The authors coined the term culture industry, arguing that in a capitalist society, mass culture is akin to a factory producing standardized cultural goods—films, radio programmes, magazines, etc. These homogenized cultural products are used to manipulate mass society into docility and passivity. The introduction of the radio, a mass medium, no longer permits its listener any mechanism of reply, as was the case with the telephone. Instead, listeners are not subjects anymore but passive receptacles exposed "in authoritarian fashion to the same programs put out by different stations."

By associating the Enlightenment and Totalitarianism with the Marquis de Sade's works—especially Juliette, in excursus II—the text also contributes to the pathologization of sadomasochist desires, as discussed by historian of sexuality Alison Moore.

==Editions==
The book was first published as Philosophische Fragmente in New York in 1944, by the Institute for Social Research, which had relocated from Frankfurt am Main ten years earlier.
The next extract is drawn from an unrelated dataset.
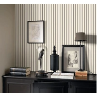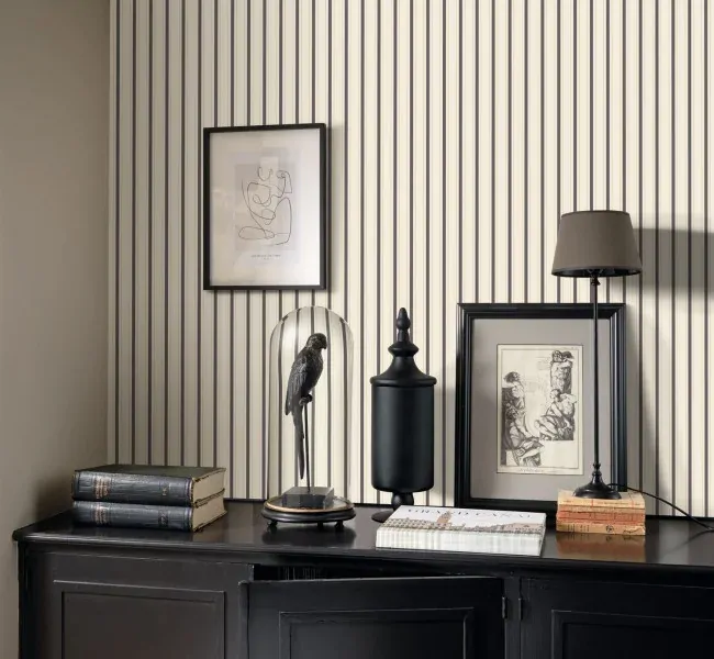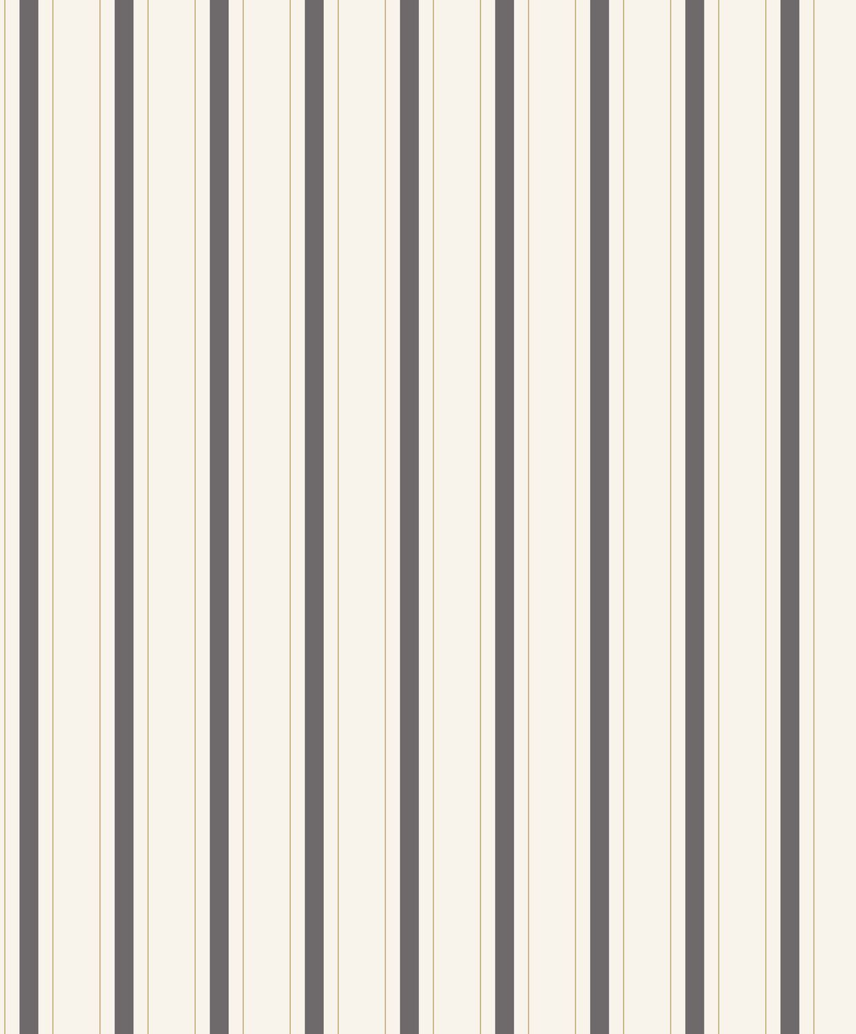 Complementary stripes Three stripes, two thin and one wide, in a soft camel colour: this geometric wallpaper is the perfect accompaniment to Jouy fabrics. The Charcoal colourway features a creamy white base with charcoal and thin gold stripes.

A revised version was published as Dialektik der Aufklärung in Amsterdam by Querido in 1947. It was reissued in Frankfurt by S. Fischer in 1969, with a new preface by the authors, in which Gretel Adorno's contribution to the theoretical development of the text was acknowledged.

There have been two English translations: the first by John Cumming (New York: Herder and Herder, 1972; reissues by Verso from 1979 reverse the order of the authors' names), and another, based on the definitive text from Horkheimer's collected works, by Edmund Jephcott (Stanford: Stanford University Press, 2002).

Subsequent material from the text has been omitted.